▶ **Supplied entries**:
▶
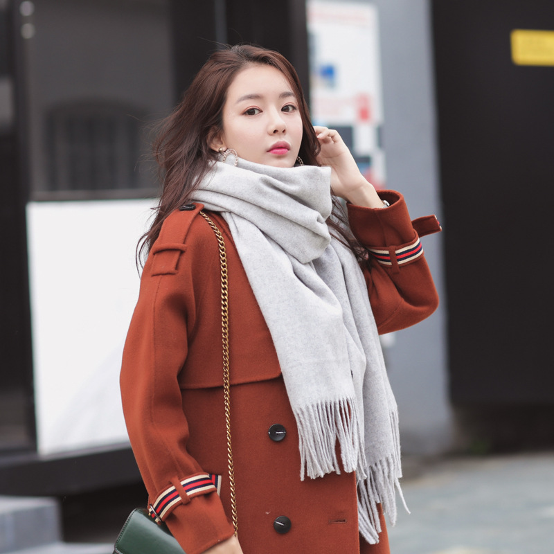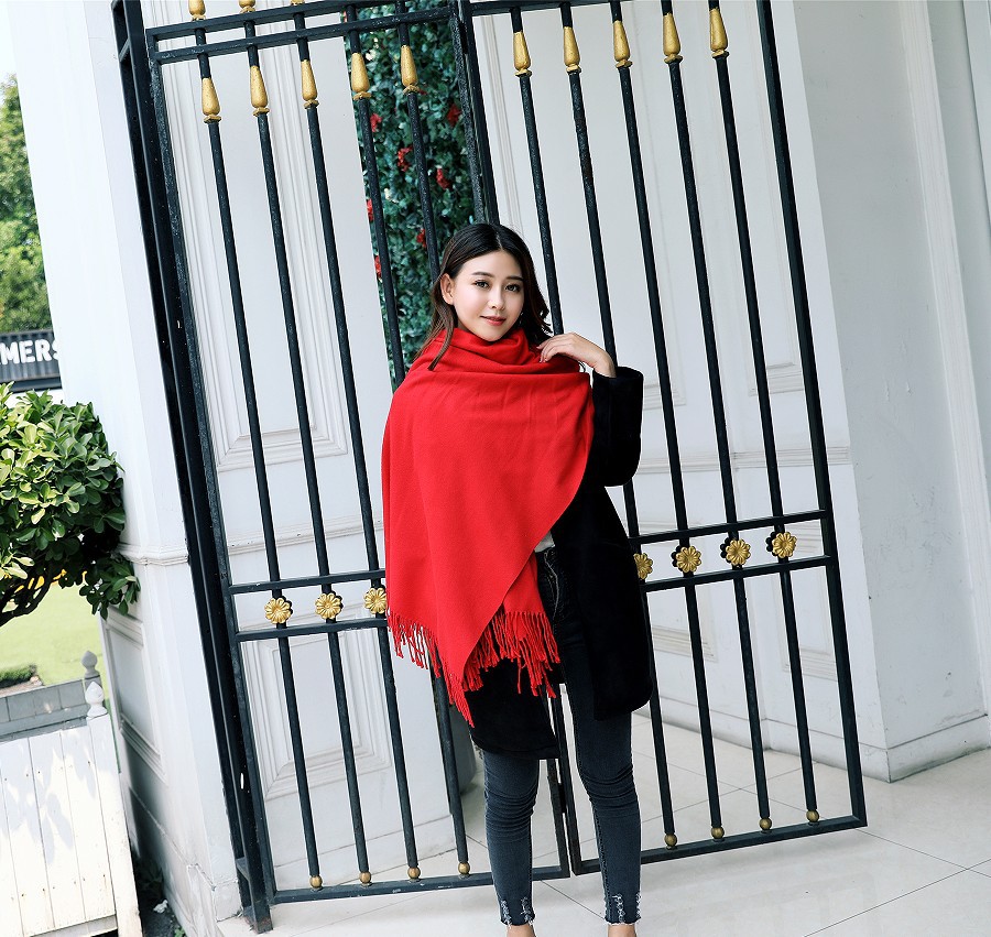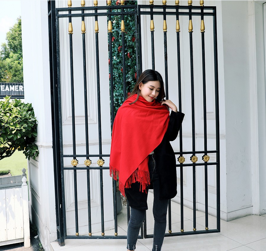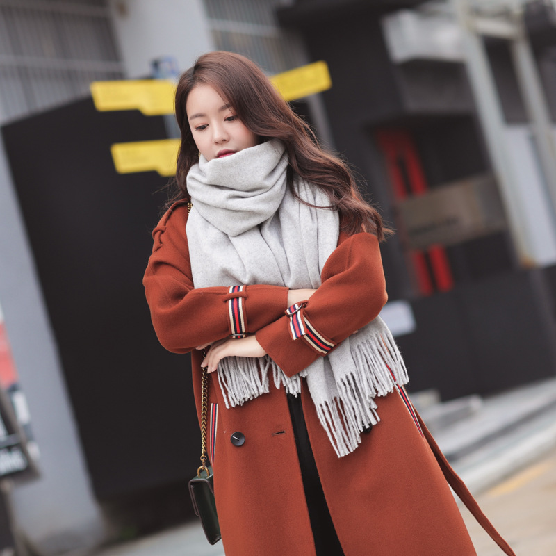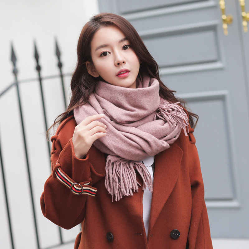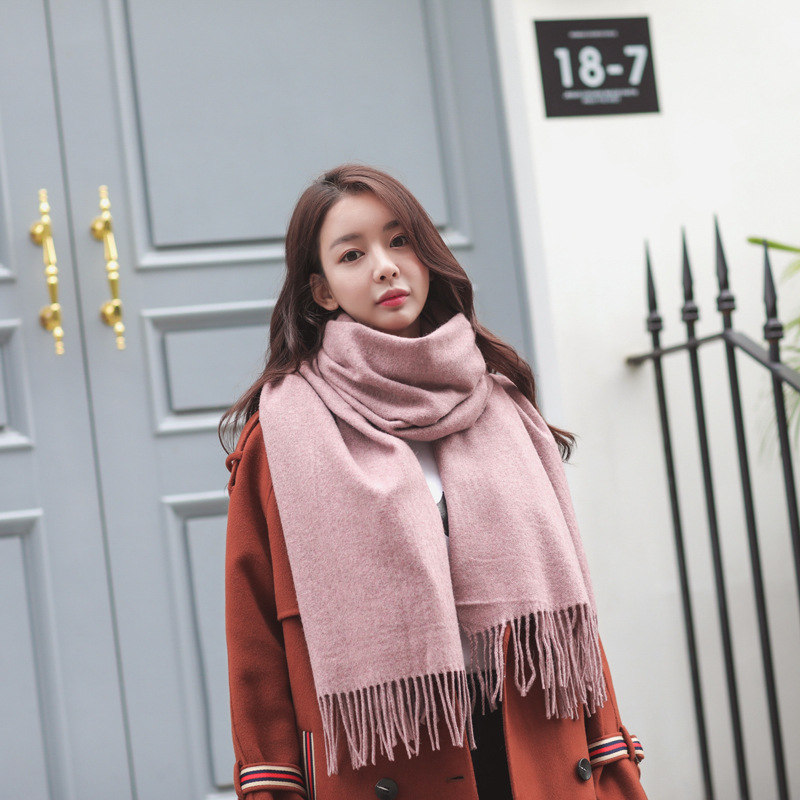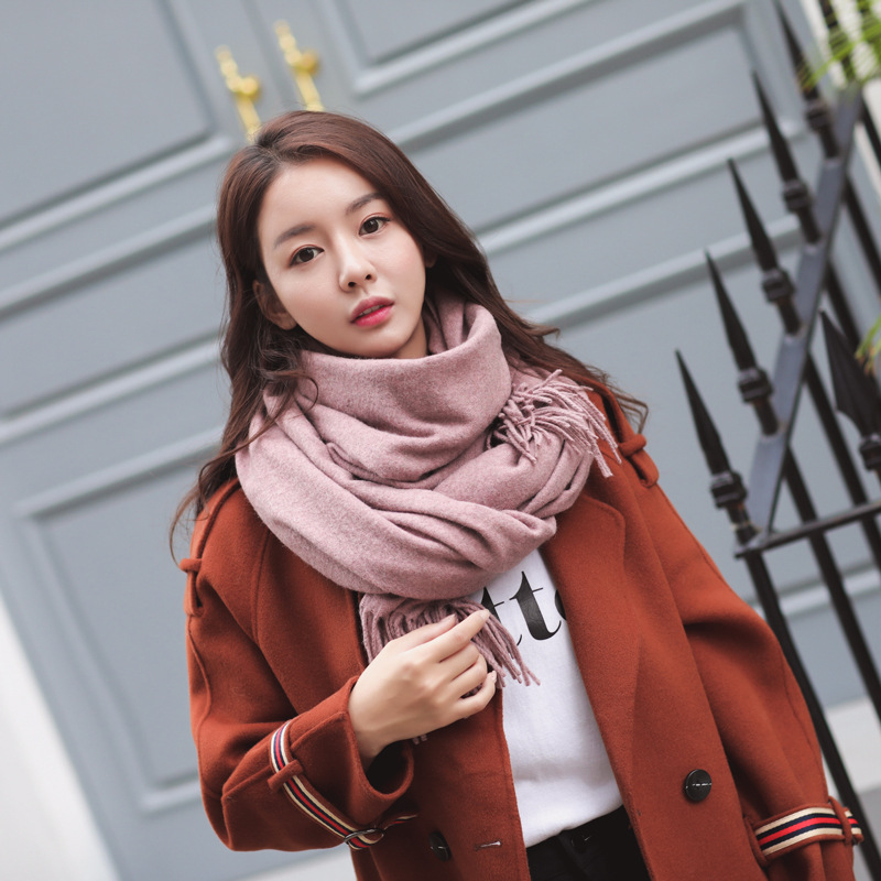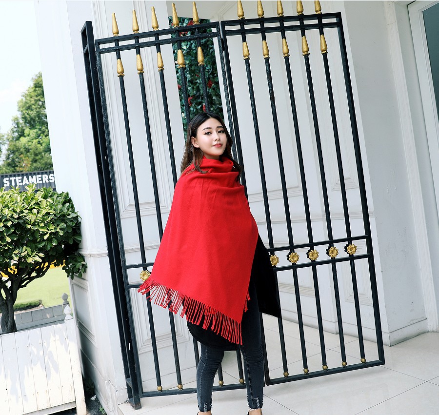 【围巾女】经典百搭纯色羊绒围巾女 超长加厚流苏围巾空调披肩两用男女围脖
◀
▶
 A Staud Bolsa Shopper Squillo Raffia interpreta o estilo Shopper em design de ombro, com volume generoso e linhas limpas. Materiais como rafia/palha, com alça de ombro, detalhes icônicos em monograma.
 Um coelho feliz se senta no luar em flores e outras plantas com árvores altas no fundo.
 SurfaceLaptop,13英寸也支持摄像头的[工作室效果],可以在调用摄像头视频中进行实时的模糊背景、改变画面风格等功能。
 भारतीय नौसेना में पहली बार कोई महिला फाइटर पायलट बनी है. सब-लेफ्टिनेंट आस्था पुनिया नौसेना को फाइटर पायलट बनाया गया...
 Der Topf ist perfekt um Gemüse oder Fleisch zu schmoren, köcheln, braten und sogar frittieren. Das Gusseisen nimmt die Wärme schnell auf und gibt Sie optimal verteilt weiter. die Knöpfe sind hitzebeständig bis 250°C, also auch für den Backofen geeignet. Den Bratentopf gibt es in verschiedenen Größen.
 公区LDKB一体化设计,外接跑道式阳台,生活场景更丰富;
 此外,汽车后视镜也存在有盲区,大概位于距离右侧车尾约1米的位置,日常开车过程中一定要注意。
◀
▶
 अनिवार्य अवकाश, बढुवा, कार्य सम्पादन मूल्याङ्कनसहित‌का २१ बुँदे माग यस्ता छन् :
◀
Using the data above, reproduce exactly the lines from the line that contains "Der Topf ist" through the line that contains "此外,汽车后视镜也存在有盲区", including both.

▶ **Finished task**:
 Der Topf ist perfekt um Gemüse oder Fleisch zu schmoren, köcheln, braten und sogar frittieren. Das Gusseisen nimmt die Wärme schnell auf und gibt Sie optimal verteilt weiter. die Knöpfe sind hitzebeständig bis 250°C, also auch für den Backofen geeignet. Den Bratentopf gibt es in verschiedenen Größen.
 公区LDKB一体化设计,外接跑道式阳台,生活场景更丰富;
 此外,汽车后视镜也存在有盲区,大概位于距离右侧车尾约1米的位置,日常开车过程中一定要注意。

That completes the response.